> **Task goal**:
Once "popular ! Kleo" turns up in a line below, reproduce that line and those after it exactly, stopping after the line with "അതിവേഗ വളർച്ചയുടെ പുതിയ"; leave pictures out.

> **Source information**:
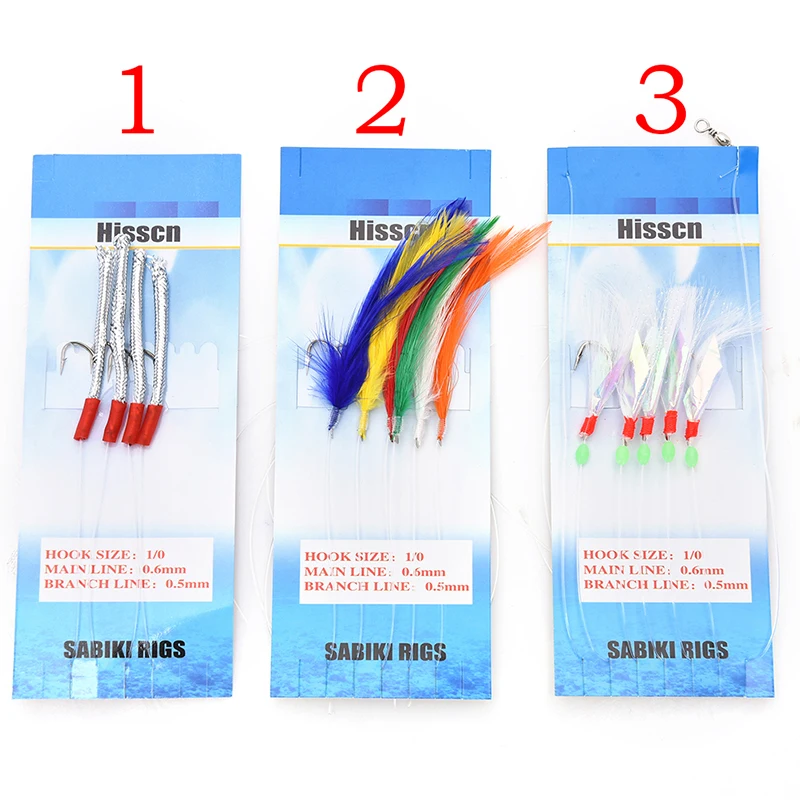 This is rigs size 3/0. Each package contains 4/5 hooks on one line the rig has a main line with a branch line for each hook.Each branch line has a carbon steel needle point hook with a small glow-in-the-dark bead and a skirt style design.
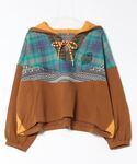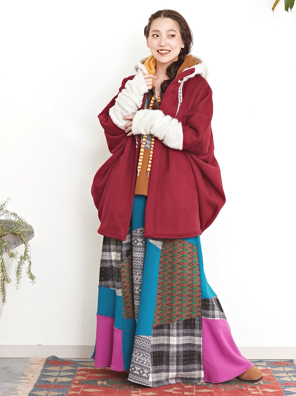 丸みのあるシルエットが可愛いオーバーサイズのポンチョ風フードジャケット。 スウェット裏起毛で暖かさも◎ アームウォーマーのようなくしゅくしゅとした袖やチャイナボタン、チロリアンテープもポイント♪ カラフルなパッチワークスカートと合わせて、他には無いこだわりのスタイルを楽しめます✳︎
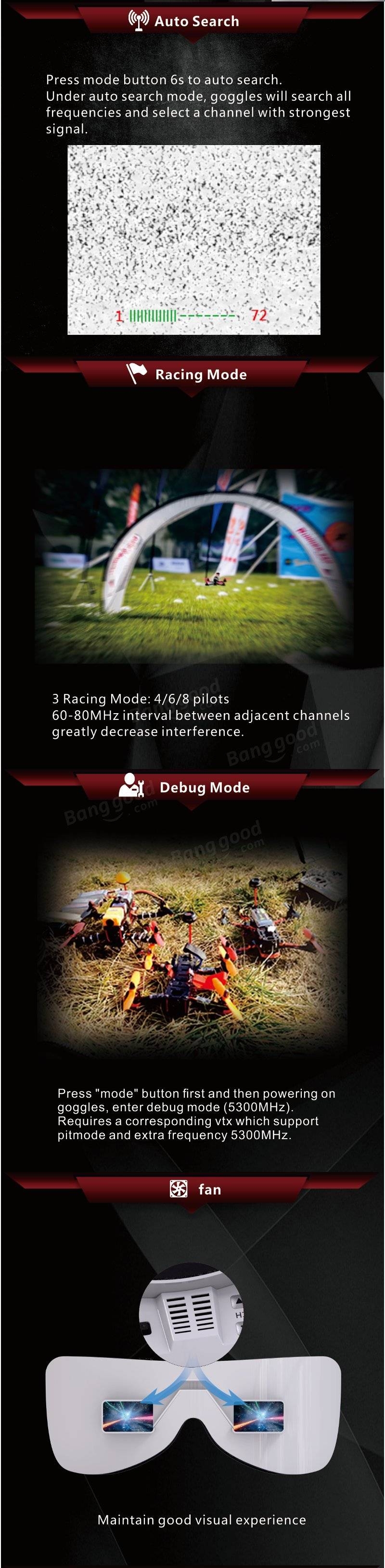 - Has 3 Racing Modes : 4/6/8 pilots. 60-80MHz interval between adjacent channels greatly decrease interference.
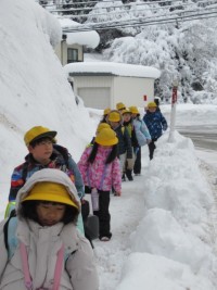 まとまった雪が降った今朝、冷蔵庫内のような冷たい体育館で、子供たちは、大繩跳び...
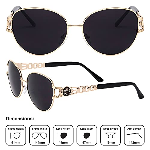 popular ! Kleo Dynasty - Metal Chain Temple Cut Out Side Coin Lion Head Medallion Oval Hip Hop Sunglasses
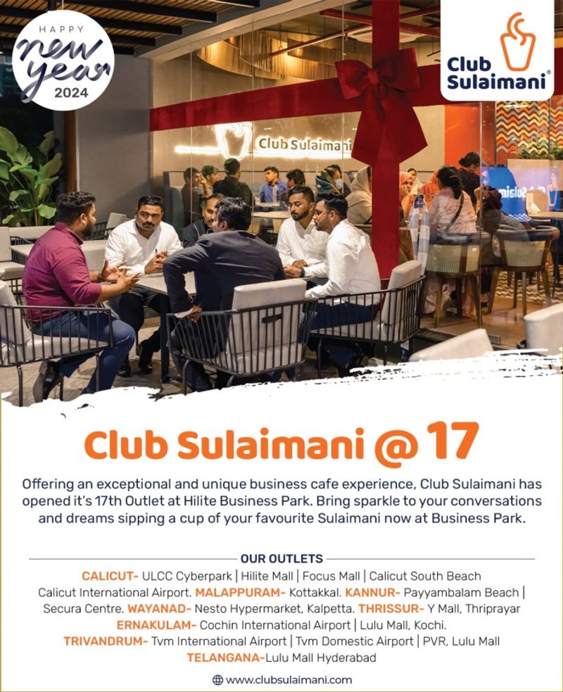 അതിവേഗ വളർച്ചയുടെ പുതിയ നാഴികക്കല്ല് താണ്ടി കേരളത്തിലെ മുൻനിര ടീ കഫേ ശൃംഖല 'ക്ലബ് സുലൈമാനി'. ക്ലബ് സുലൈമാനിയുടെ 17-ാമത് ഔട്ട് ലെറ്റ് കോഴിക്കോട്ടെ ഹൈലൈറ്റ് ബിസിനസ് പാർക്കിൽ പ്രവർത്തനം തുടങ്ങി. കേരളത്തിലെ ആദ്യത്തെ ടീ കഫെ ശൃംഖലയാണ് ക്ലബ് സുലൈമാനി.
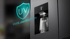 Plumbed for convenience and fitted with a built-in filter, this system uses UV technology to sterilise 99.9% of bacteria in every drop. From crushed ice to chilled water, enjoy cleaner refreshment straight from the door.

> **Task response**:
 popular ! Kleo Dynasty - Metal Chain Temple Cut Out Side Coin Lion Head Medallion Oval Hip Hop Sunglasses
 അതിവേഗ വളർച്ചയുടെ പുതിയ നാഴികക്കല്ല് താണ്ടി കേരളത്തിലെ മുൻനിര ടീ കഫേ ശൃംഖല 'ക്ലബ് സുലൈമാനി'. ക്ലബ് സുലൈമാനിയുടെ 17-ാമത് ഔട്ട് ലെറ്റ് കോഴിക്കോട്ടെ ഹൈലൈറ്റ് ബിസിനസ് പാർക്കിൽ പ്രവർത്തനം തുടങ്ങി. കേരളത്തിലെ ആദ്യത്തെ ടീ കഫെ ശൃംഖലയാണ് ക്ലബ് സുലൈമാനി.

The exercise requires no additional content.